Martin Freiberg, Curator of the Botanical Garden of the University of Leipzig (Germany) - Wolfgang TeschnerWhen their knowledge reaches heights unattainable by memory, people create lists. From those that name all the living beings on Earth to those of the purchase, they are basic tools, so useful that they are everywhere. It is more or less easy to make an inventory of objects that fit in a shoe box. But who dares to gather the names of all the plant species in the world? A German biologist has just completed this daunting task, compiling the most complete, up-to-date and detailed record to date, with more than a million plant nomeclatures. Its result has just been published in the journal « Scientific data ».
Specifically, the new Leipzig Catalog of Vascular Plants (LCVP) includes 1,315,562 scientific names , the total of those known to man to date. It includes 351,180 species of vascular plants - ferns, gymnosperms and angiosperms, most of the terrestrial plants that have true roots, stems and leaves - and 6,160 natural hybrids of 13,460 genera, 564 families and 84 orders . It also lists all the different names each plant is known by and provides far more taxonomic details than the current checklist, The Plant List , compiled by the Royal Botanic Gardens, Kew. (London), which has not been updated since 2013.
Twelve years cataloging plants
"I started in 2008, but I have worked more intensively during the last 10 years, dedicating about 2 days a week to it," Martin Freiberg , curator of the Botanical Garden of the University of Leipzig (Germany) and main creator of the list , tells ABC . At first, he intended to develop a catalog for internal use at his center. "But then many colleagues from other botanical gardens in Germany urged me to make the work available to everyone." This is where his colleagues from the German Center for Integrative Biodiversity Research (iDiv) entered , who have helped in the gigantic Freiberg company, which from now on is accessible to anyone through this website .

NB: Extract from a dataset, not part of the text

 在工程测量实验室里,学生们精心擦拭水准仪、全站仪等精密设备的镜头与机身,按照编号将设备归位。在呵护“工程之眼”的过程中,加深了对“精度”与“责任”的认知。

The botanical garden of the University of Leipzig (Germany). In an area of just three hectares, around 6,500 of the 350,000 plant species from around the world grow hereThe biologist realized that many times the names of the species were not clear, and that there were " gaps " that could interfere with the work of scientific research, even limiting the reliability of some studies . "I wanted to remove this obstacle as well as possible," he says. That is why it compiled information from the main databases, harmonized them and standardized the names. He also reviewed about 4,500 studies to investigate more discrepancies, such as different spellings or nomeclatures. In addition, it added thousands of new species, identified mainly thanks to advances in molecular genetic analysis techniques.

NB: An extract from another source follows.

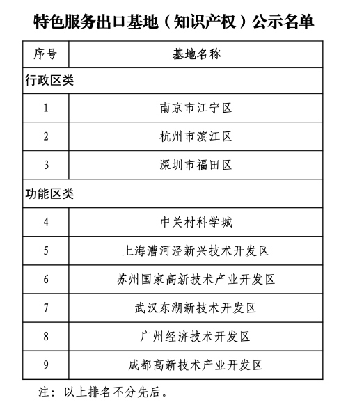 據(jù)國家知識產(chǎn)權(quán)局官網(wǎng)消息,根據(jù)《商務(wù)部等7部門辦公廳(室)關(guān)于組織申報專業(yè)類特色服務(wù)出口基地的通知》(商辦服貿(mào)函〔2021〕355號)要求,經(jīng)地方申報、省市知識產(chǎn)權(quán)和商務(wù)主管部門初審?fù)扑]、第三方機構(gòu)客觀指標(biāo)評審、專家評審、部門工作組復(fù)核等程序,初步認定知識產(chǎn)權(quán)服務(wù)出口基地9家,名單于2月7日-2月11日進行公示。

“For example, I found old names that have not been used for a long time, but are there, on herbarium labels that may be 200 years old . It is difficult to find information about whether these names are still valid or not, ”he explains. Other big problems he encountered were separating the names of garden hybrids and natural hybrids, or efficiently cataloging the most numerous genus of all, Hieracium , which comprises 12,614 described species of which only 1,411 have been accepted so far. "As the head of the Leipzig Botanical Garden, I am conservative about this, and I wait until the evidence is robust enough to change any name.

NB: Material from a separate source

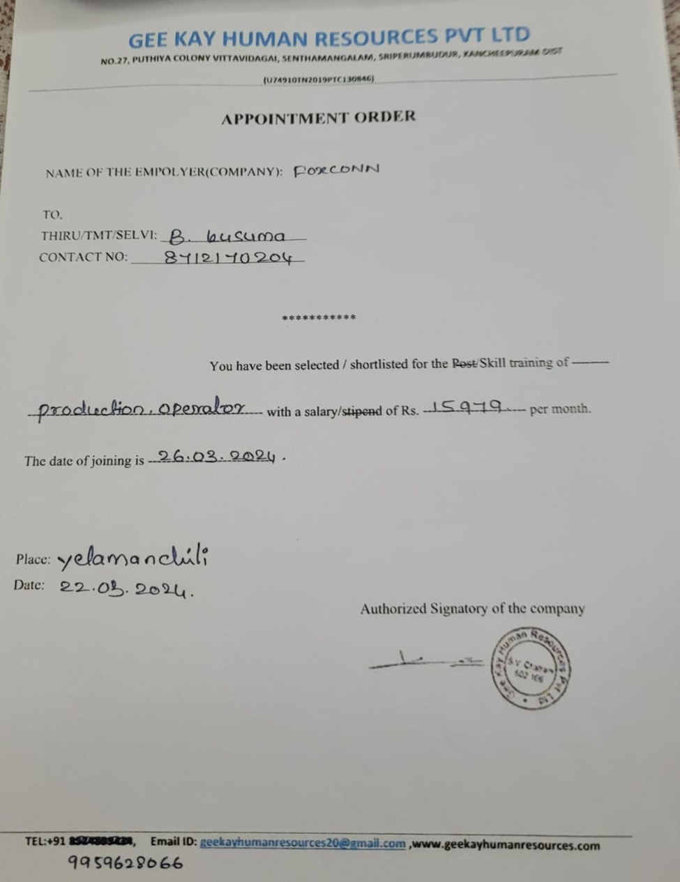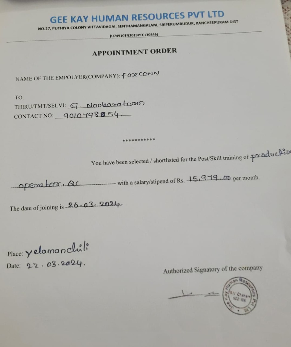 Sl.NO | Name of the Student | Group | Name of the Company | Salary | Supported Document |

Any scientist anywhere in the world
The importance of this work, therefore, lies not only in having all the plants in the world "ordered", but in establishing a new standardized, updated and common base, which can be consulted by any scientist anywhere on the planet. "Almost all fields in plant research depend on naming species in the right way," adds Marten Winter of iDiv and another of the study authors. 'Modern science often means combining data sets from different sources . We need to know exactly which species scientists are referring to, so that we don't compare apples and oranges or wrongly group different species. '
The next project Frieberg has in mind is even more ambitious: cataloging all the non-vascular plants (those that lack stem and flower, such as mosses) in the world. "But that takes a little more time ...".